The popular notion of a plant, as we have said, is that it is one individual complex organism, of which the root answers to the nutrient system, the trunk and branches to the skeleton, the leaves to the lungs, and the flowers to the generative organs of an animal: but we never see the stomach converted into a lung, the lungs converted into a testis or ovarium, or reciprocally, as we trace the leaf changed into the stamen, or this by retrograde metamorphosis brought back to the state of a leaf. The stomach of a man if detached would not live and reproduce its kind like the polype of the Sertularia or the monad of the Volvox; nor would the lung manifest its individuality like the leaf of the Bryophyllum under similar circumstances. No!
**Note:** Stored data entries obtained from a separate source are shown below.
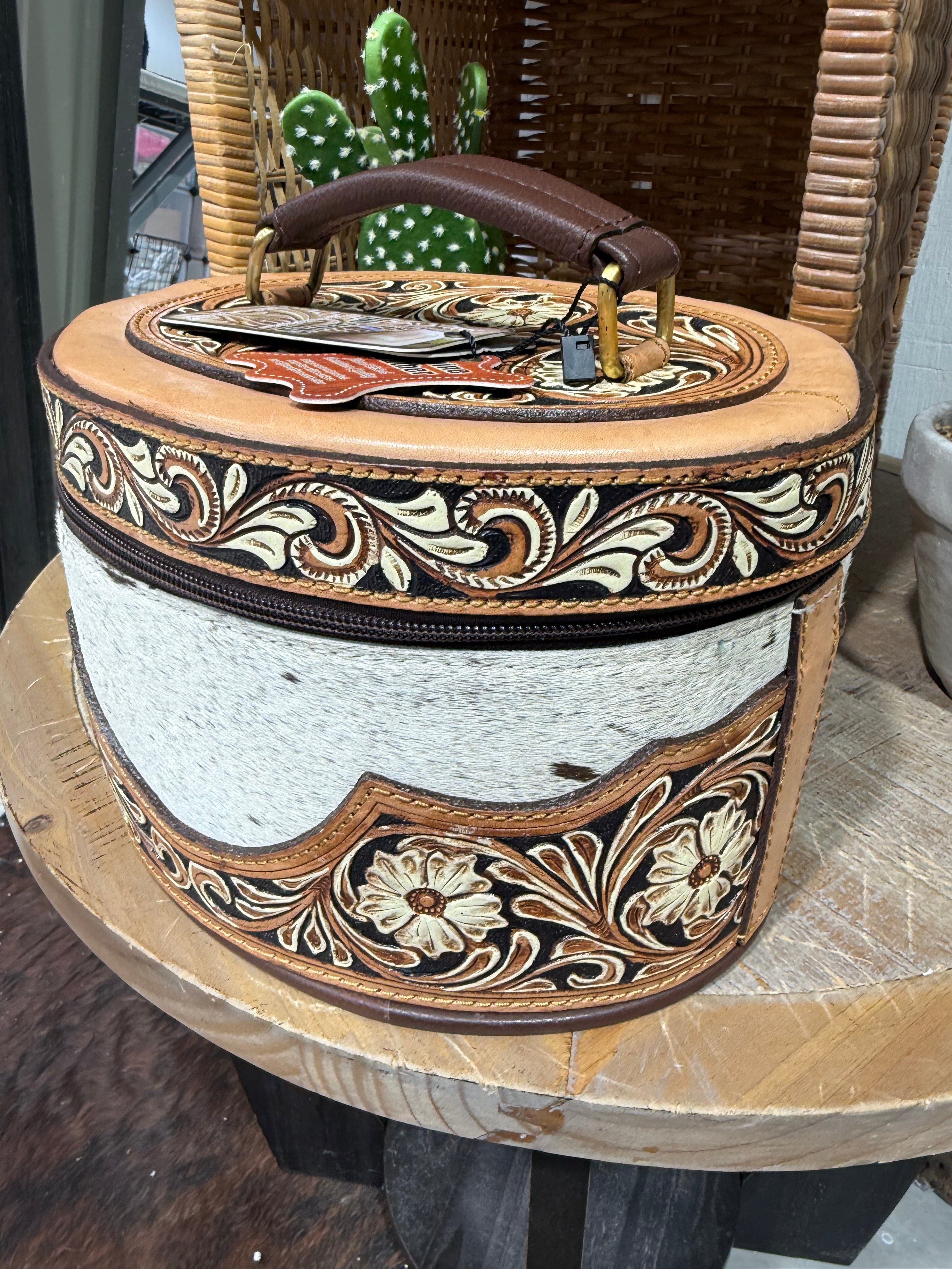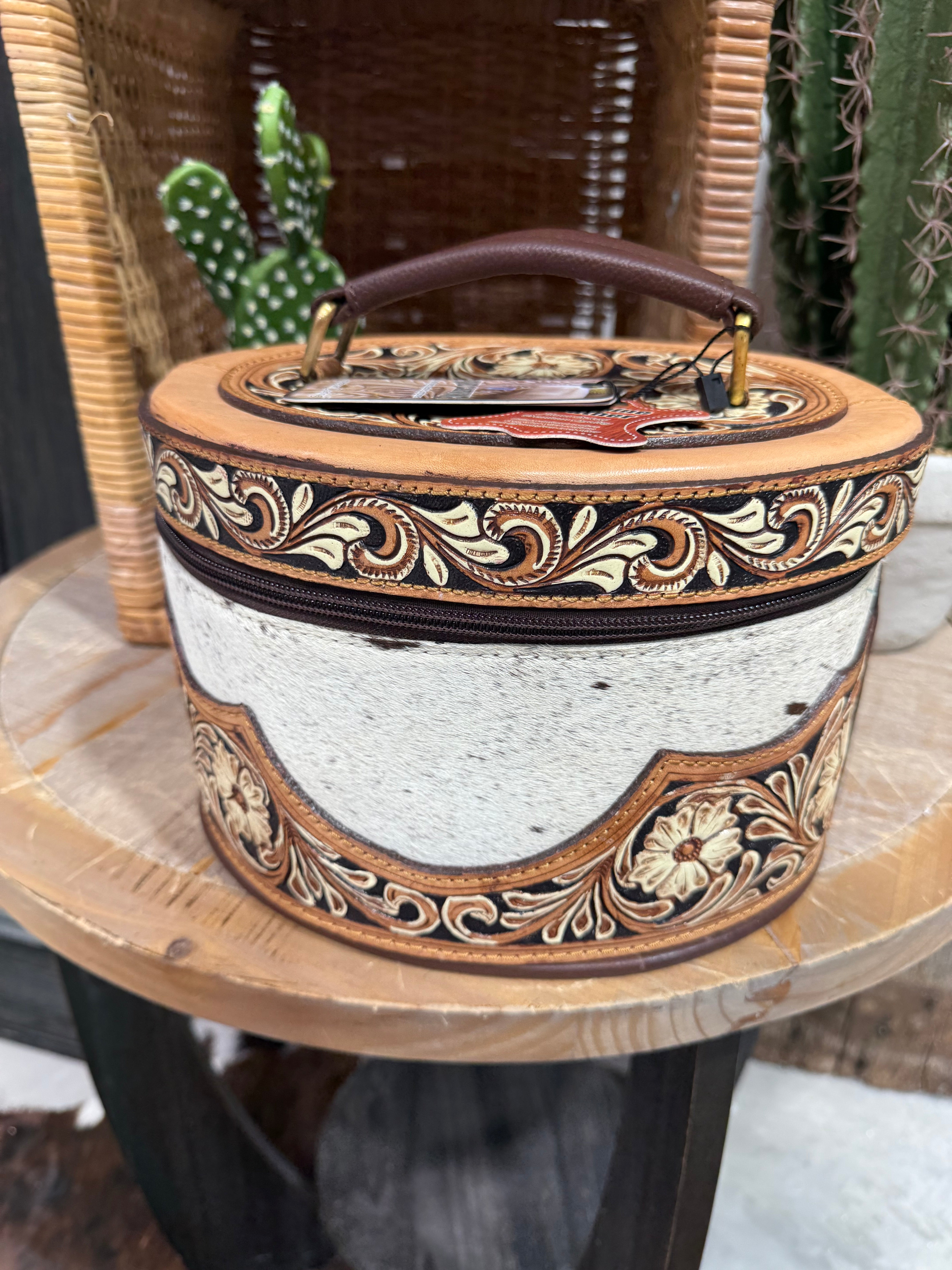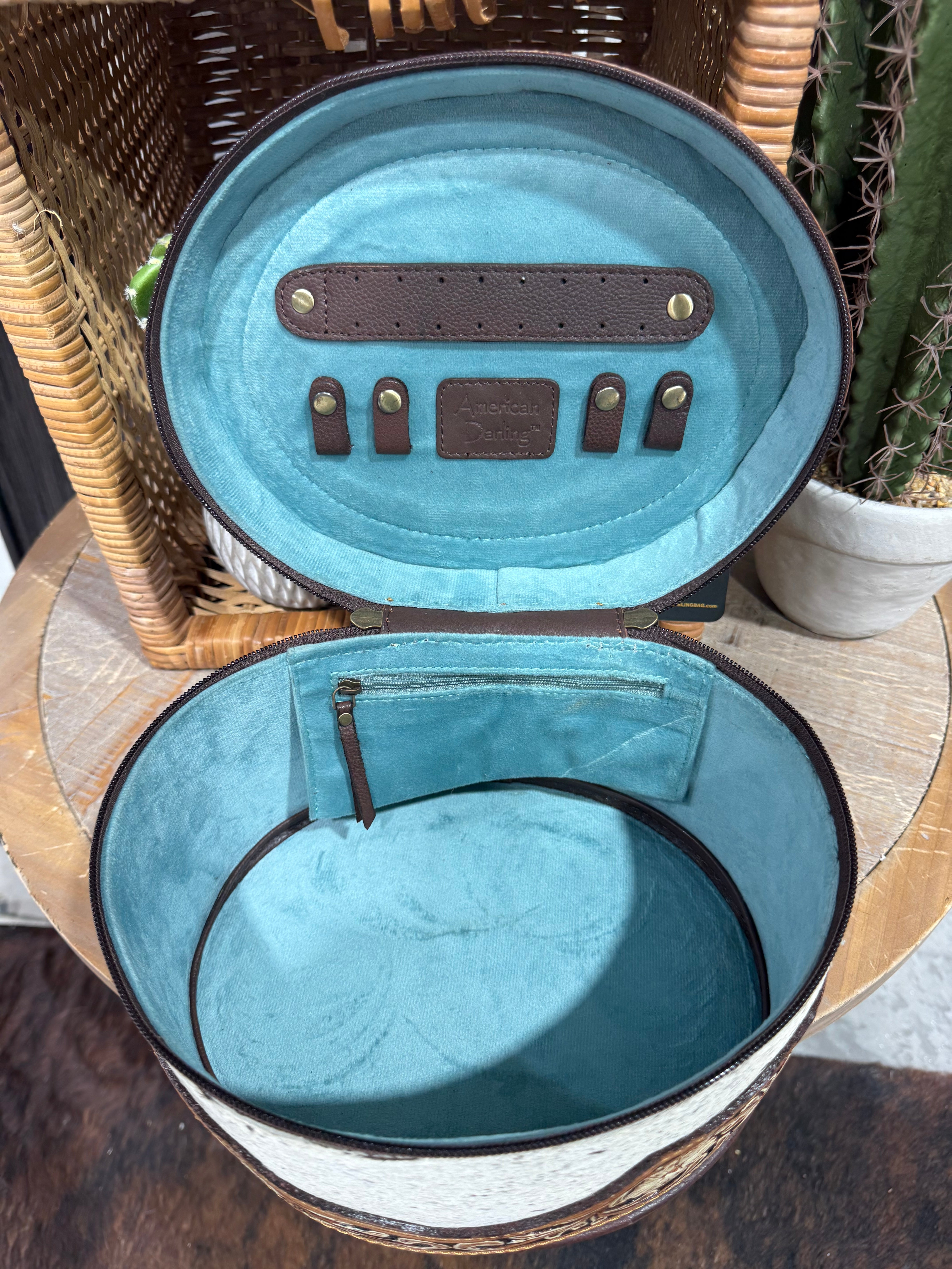 The structured oval design features a smooth zipper closure, sturdy leather handle, and turquoise suede-lined interior complete with pockets and strap loops for jewelry, makeup, or travel accessories. Whether you use it at home, on the road, or as a statement piece in your boutique-style décor, this Western vanity case is as durable as it is beautiful.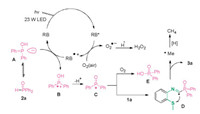 Based on the mechanistic study as well as previous reports [13, 15], the possible pathway for the visible-light initiated cyclization of isocyanides was proposed as shown in Scheme 5. Mechanistically, diarylphosphine oxide 2a exists in equilibrium with its trivalent tautomer phosphinous acid A [6c, 6i, 15]. Firstly, a radical cation intermediate B is generated from corresponding electron-rich phosphinous acid A via a reductive quenching of the RB radical cation (RB ·+) [6c], which comes from the reaction of excited state (RB*) and oxygen from air. Then, the deprotonation occurred with the affording of phosphinoyl radical C [6i], which subsequently adds to the isocyanide functionality in 1a to form intermediate radical D [7a, 8g]. Meanwhile, the phosphinoyl radical could transfer to byproduct Ph2P(O)OH with an oxidation by O2. Finnaly, The product 3a was obtained by the addition of intermediate D to a sulfur atom in 1a along with the release of a methyl group.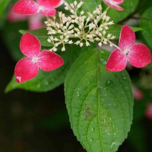 お隣さんのお庭でも出会えた、可愛く、美しい、ヤマアジサイ・紅。 アジサイ科アジサイ属。 ヤマアジサイは、沢地など水の多い地域に生息する種類。山中で沢によく見られることから、サワアジサイとも呼ばれ、植物の分類の仕方によっては、ガクアジサイの1つとされることもあるそう。 ガクアジサイと比べ、花の色が多様性に富み、花や葉が小さめなのが特徴とのこと。 GSでも紅のpic を拝見しましたが、去年、八ヶ岳の萌木の村で見た赤のアジサイも印象に残っていて、GSでも、「紅では?」とコメントをいただきました…。 紅の色が風情があり、好きにならずにいられません💕

A flowerless plant is an associated colony of simple organized individuals (phytons) propagating by gemmation.

A flowering plant, with stamens and pistils in the same flower, is not a hermaphrodite individual; but is an organically associated colony of phytons, most of which are simple and gemmiparous, but some through a higher energy have been developed into distinct male and female individuals.

The so-called male of the Diœcious plants is an organically associated colony of gemmiparous phytons with true male individuals; and the so-called female plant is a similar colony of gemmiparous phytons with true or perfect female individuals.

From plants to Aphides inclusive the phænomenon of Parthenogenesis is presented under manifold modifications, alike in this essential that they are all examples of organized beings from the impregnated ovum of which many individuals may be successively developed.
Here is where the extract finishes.